● Problem description:
Please transcribe exactly, and only, the lines of the data below between the line holding "非常适合收藏的套件,机匣鱼骨" and the line holding "蔡依林站在巨蟒头上,身着华丽的演出服,宛如女王降临,霸气十足。", inclusive.

● Data in this exercise:
- Opening Delimiter -

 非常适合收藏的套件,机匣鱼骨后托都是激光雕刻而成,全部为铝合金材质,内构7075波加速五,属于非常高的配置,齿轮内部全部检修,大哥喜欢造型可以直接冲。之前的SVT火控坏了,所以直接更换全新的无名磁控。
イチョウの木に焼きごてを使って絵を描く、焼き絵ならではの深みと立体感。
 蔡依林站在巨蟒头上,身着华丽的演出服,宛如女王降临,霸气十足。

- Closing Delimiter -
- Opening Delimiter -

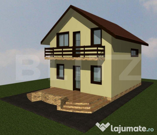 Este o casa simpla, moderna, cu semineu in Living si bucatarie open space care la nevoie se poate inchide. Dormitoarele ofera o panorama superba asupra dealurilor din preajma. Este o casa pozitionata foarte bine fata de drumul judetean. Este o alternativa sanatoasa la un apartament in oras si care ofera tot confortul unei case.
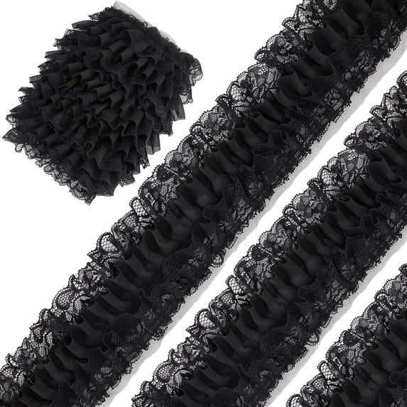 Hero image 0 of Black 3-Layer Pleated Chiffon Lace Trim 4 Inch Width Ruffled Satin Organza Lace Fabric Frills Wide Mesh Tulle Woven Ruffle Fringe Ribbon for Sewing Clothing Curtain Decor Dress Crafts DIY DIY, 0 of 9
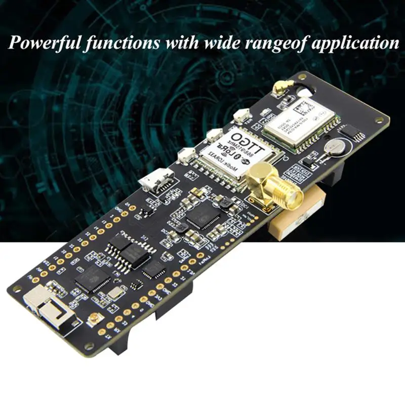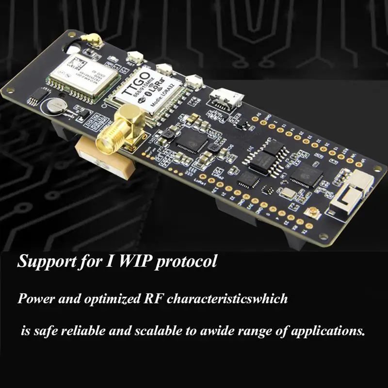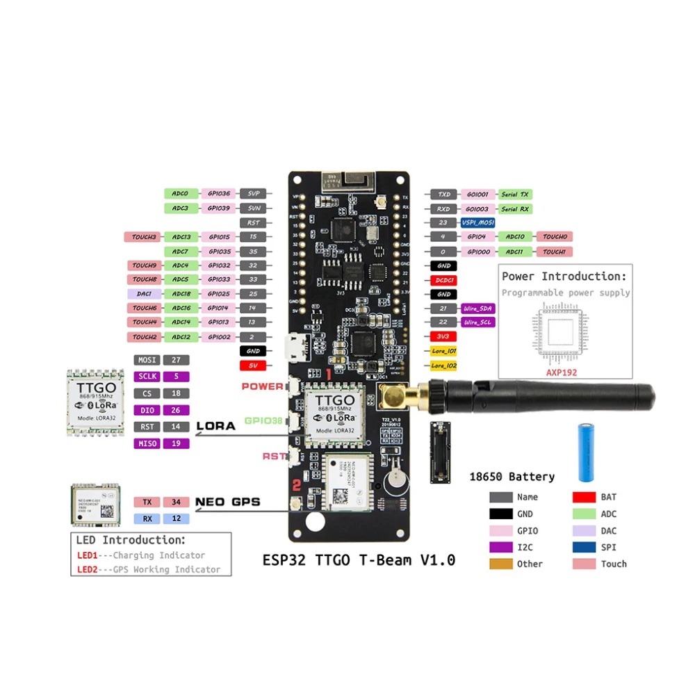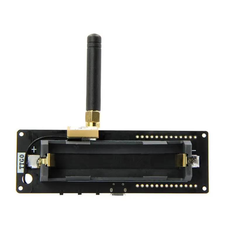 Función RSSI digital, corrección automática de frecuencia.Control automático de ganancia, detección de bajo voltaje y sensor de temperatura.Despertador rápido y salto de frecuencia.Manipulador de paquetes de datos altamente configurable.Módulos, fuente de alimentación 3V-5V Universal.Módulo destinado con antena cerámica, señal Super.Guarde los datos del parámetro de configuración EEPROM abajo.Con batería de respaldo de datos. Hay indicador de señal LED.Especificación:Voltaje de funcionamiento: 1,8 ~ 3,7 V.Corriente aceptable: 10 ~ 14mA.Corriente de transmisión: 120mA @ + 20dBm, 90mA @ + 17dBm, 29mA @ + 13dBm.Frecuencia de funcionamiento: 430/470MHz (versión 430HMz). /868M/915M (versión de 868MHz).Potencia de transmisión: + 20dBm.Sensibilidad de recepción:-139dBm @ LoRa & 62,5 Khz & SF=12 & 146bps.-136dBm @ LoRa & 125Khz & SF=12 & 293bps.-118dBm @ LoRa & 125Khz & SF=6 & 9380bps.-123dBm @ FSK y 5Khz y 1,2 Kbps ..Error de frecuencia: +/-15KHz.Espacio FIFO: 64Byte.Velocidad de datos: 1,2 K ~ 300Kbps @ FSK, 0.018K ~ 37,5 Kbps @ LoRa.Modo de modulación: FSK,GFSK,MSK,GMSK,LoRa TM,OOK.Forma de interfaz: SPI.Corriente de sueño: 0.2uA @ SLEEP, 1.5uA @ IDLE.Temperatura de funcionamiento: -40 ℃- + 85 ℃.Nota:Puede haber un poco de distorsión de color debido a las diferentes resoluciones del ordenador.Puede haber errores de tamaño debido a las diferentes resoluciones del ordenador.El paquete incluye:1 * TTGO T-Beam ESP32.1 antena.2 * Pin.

- Closing Delimiter -
- Opening Delimiter -

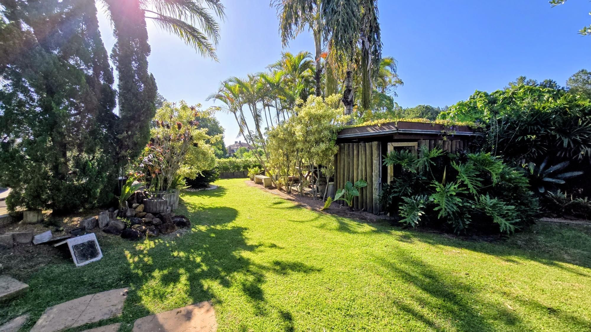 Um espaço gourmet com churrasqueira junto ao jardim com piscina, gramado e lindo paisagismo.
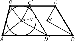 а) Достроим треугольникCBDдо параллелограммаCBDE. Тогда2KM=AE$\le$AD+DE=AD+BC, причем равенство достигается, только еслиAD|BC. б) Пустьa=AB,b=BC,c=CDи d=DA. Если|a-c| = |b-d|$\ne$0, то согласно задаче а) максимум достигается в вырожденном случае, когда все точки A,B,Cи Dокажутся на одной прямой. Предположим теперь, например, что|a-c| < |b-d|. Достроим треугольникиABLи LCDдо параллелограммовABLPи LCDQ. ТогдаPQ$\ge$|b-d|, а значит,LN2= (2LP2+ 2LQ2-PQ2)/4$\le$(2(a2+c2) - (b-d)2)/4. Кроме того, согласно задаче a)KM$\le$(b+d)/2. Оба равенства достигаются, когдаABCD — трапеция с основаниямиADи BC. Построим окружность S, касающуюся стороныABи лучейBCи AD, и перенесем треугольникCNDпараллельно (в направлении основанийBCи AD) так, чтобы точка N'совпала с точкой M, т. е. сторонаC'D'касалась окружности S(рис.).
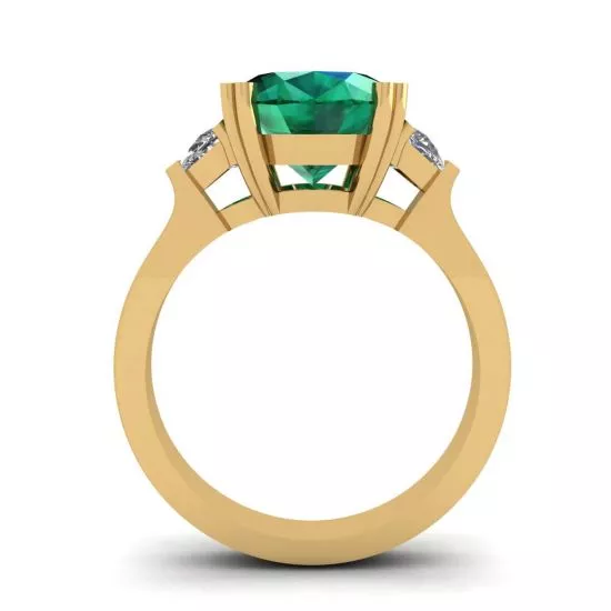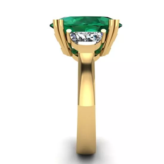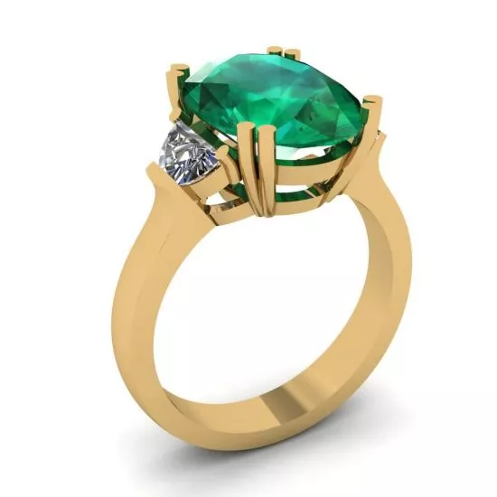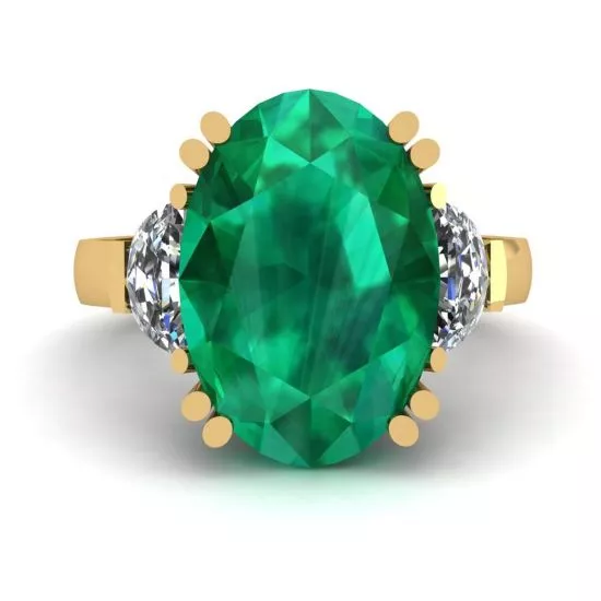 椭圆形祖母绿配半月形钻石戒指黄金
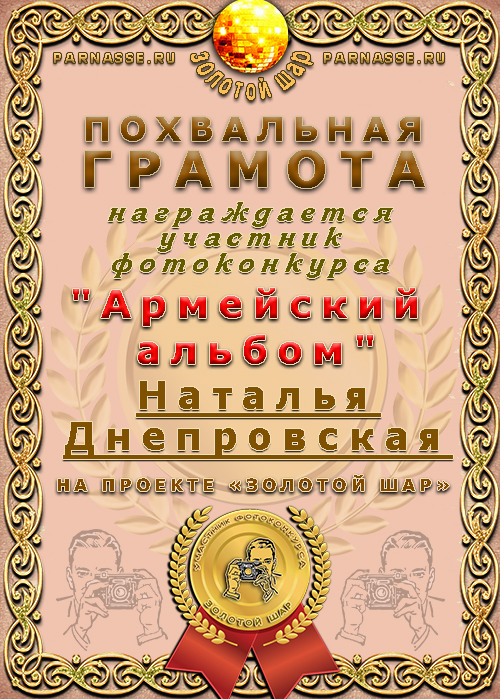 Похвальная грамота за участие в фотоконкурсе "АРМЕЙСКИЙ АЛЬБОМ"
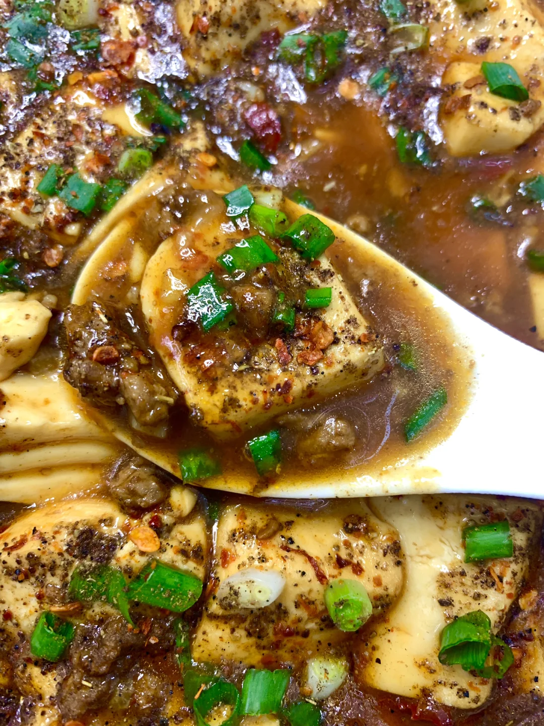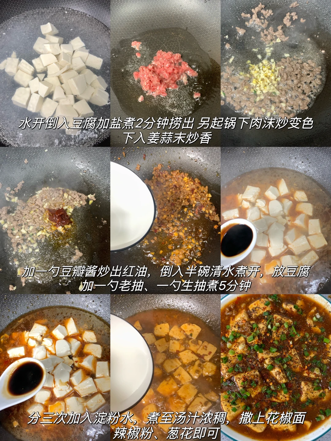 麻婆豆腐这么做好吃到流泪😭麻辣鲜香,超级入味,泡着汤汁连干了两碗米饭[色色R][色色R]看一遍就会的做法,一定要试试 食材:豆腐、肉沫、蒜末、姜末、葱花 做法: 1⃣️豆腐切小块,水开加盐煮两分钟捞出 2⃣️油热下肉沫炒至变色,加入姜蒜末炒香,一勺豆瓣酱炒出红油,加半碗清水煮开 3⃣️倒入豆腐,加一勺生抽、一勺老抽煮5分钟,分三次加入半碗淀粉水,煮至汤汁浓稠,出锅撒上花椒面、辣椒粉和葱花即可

- Closing Delimiter -

● The answer:
 非常适合收藏的套件,机匣鱼骨后托都是激光雕刻而成,全部为铝合金材质,内构7075波加速五,属于非常高的配置,齿轮内部全部检修,大哥喜欢造型可以直接冲。之前的SVT火控坏了,所以直接更换全新的无名磁控。
イチョウの木に焼きごてを使って絵を描く、焼き絵ならではの深みと立体感。
 蔡依林站在巨蟒头上,身着华丽的演出服,宛如女王降临,霸气十足。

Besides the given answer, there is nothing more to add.